Junebug (Phil Morrison) Amy Adams, Emberth Davidtz, Benjamin McKenzie, Alessandro Nivola, Celia Weston Running time: 106 minutes.
PHIL MORRISON'S impressive debut film is about the ties that bind - the push and pull of family life which make us want to embrace it and withdraw from it at the same time. An opening scene shows father Eugene (Scott Wilson) standing in a bedroom, patiently inflating an air mattress in expectation of the family's guests.
This sort of glance into the banal is typical of Junebug - small moments fuse together and expand slowly until they become pregnant with meaning.
And the result is strangely comforting. The scary home truths uncovered could be found in any family. And Morrison goes about this business with such candour and ease, that watching it relives moments of your own favourite family barney.
Junebug is written by Angus MacLachlan. He wrote the script for Morrison's award-winning short film Tater Tomater in 1990 and, strangely, it has taken them until now to get a big-screen debut. It boasts an exemplary cast. Amy Adams, who plays a sunny daughter-in-law called Ashley, came from virtual anonymity to be nominated for a Best Actress award at this year's Oscars. She nearly steals the film, but to focus on her would be unfair to the rest of the cast, whose exquisite performances are a study in understated complexity.
The story is about son George (Alessandro Nivola) who returns home to visit his family for the first time in three years with new wife Madeleine (Emberth Davidtz). The real reason they have left Chicago for rural North Carolina is that art dealer Madeleine is determined to get a local artist onto her books. They were lovers at first sight, and married a week later, but George's mother Peg (Celia Weston) doesn't take to her.
"She's too smart, she's too pretty, " she chides her husband. Peg is toxic, a female equivalent of John McGahern's abusive father figure, Moran. She has a cold mouth and a withering stare.
She unleashes bitterness on everybody else. She admonishes Johnny, the other son who still lives at home with his heavily pregnant wife, Ashley, while her put-upon husband Eugene meets her casual abuse with silence. Johnny is as bitter and resentful as his mother, and as incapable of expressing it as his father. He treats Ashley with disdain and ignores the new guests.
Somehow, Ashley seems oblivious to all the dysfunction, while George is only too aware. It is easy to see why he doesn't come home too often and that Madeleine, the polar opposite of this family, brings him some kind of solace.
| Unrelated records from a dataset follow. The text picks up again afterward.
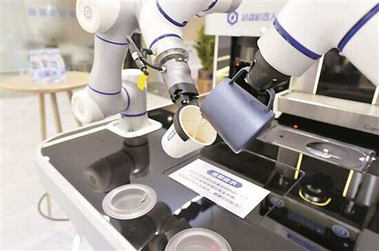 在广东深圳越疆科技有限公司,机器人制作咖啡拉花。新华社发
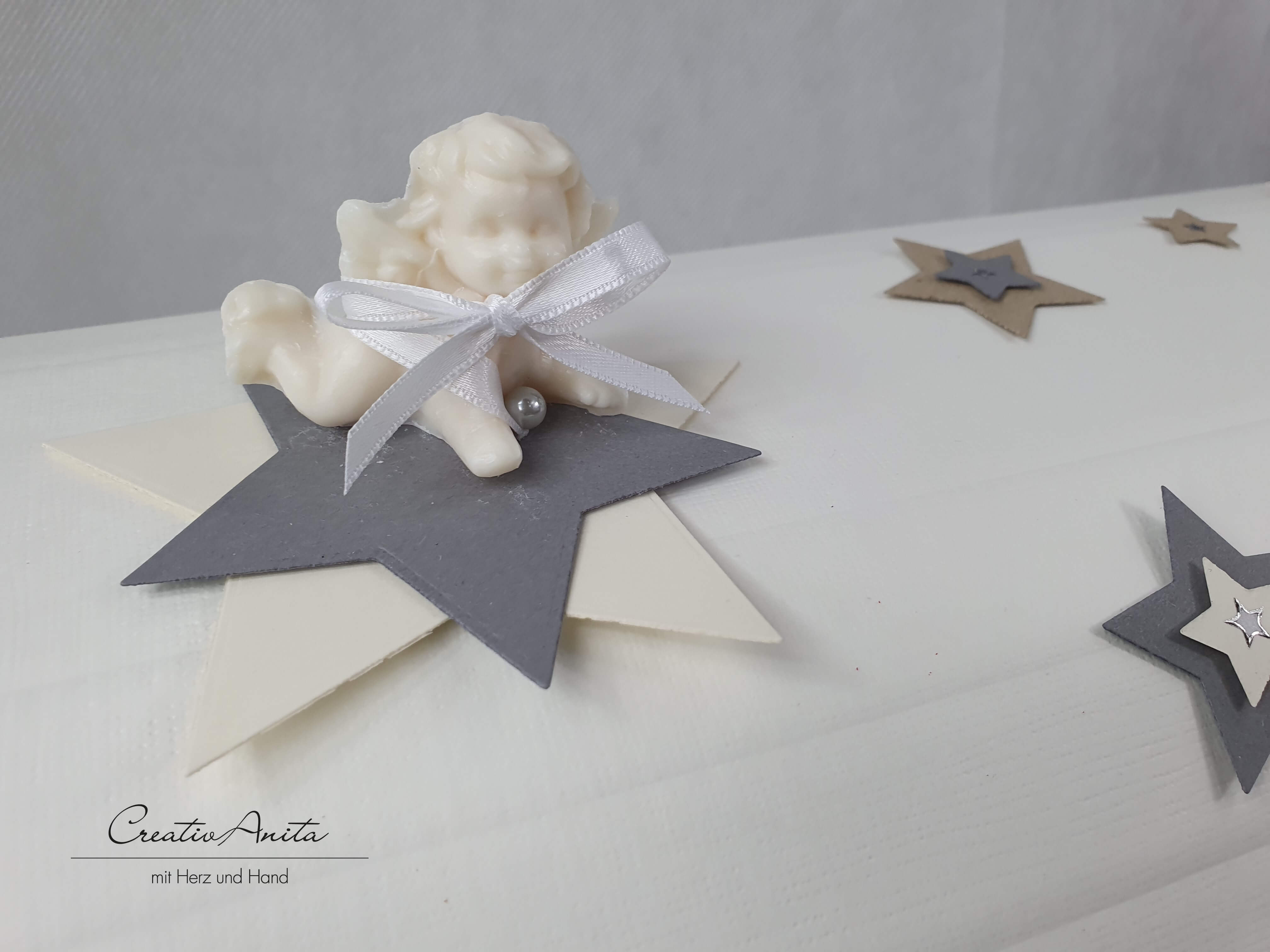 Dekoriert wurde sie in liebevoller Handarbeit mit einer Engelsfigur sowie verschiedenen Sternen, üppigem Schleifenband sowie Schmetterlinge.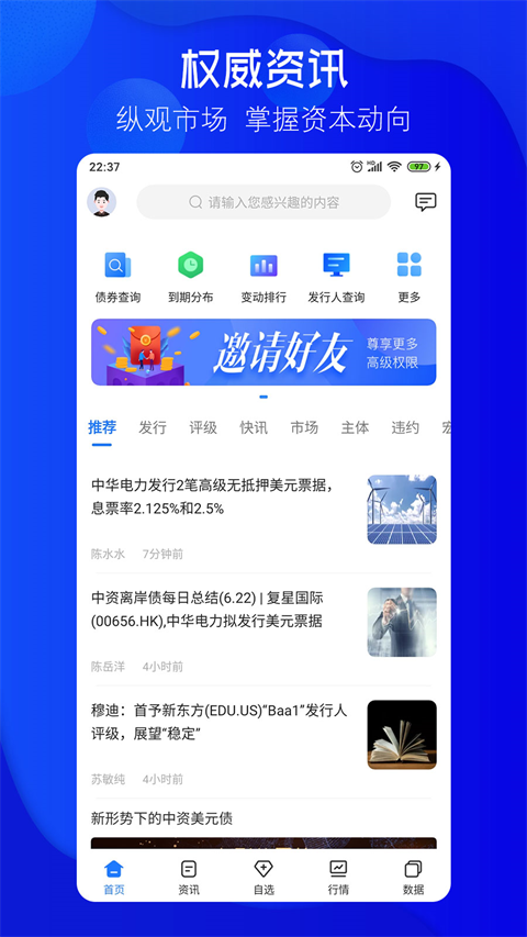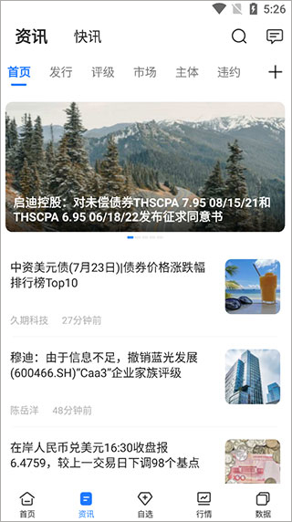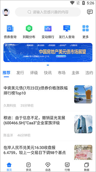 2、查看首页中推荐的各种行业新闻,快速了解更多的债券信息;

What at first seems to be a showdown between simple churchgoing folk and sophisticated city types soon turns into something much more complex. Madeleine draws Peg's disapproval with her androgynous looks but Madeleine hardly puts a foot wrong. She takes to Ashley's childish chirping, and attends church meetings and the traditional baby shower.
It is George who shirks family time.
When crisis strikes, however, true colours are shown. George takes to his responsibilities, while Madeleine is revealed as someone whose priorities are elsewhere. "It means something, " George tells her down the phone.
"What?" she says. "Family."
The details are subtle. The revelations are like little tremors.
Director Morrison goes about his business unobtrusively, without any grandstanding or epiphanies granted to characters gazing forlornly out of windows. The human foibles that are revealed hold up as universal and true.
While it is much in the vein of American independent cinema, it is the kind of film that can be traced back to the work of Yazugiro Ozu - meditations on family where judgement is carefully withheld. And Morrison too cuts to similar Ozu-like moments of reflection between scenes - well-tended front gardens and butterflies hovering over a lawn.
These pauses take us outside the film, and seem to suggest that life goes on elsewhere, and in much a similar fashion.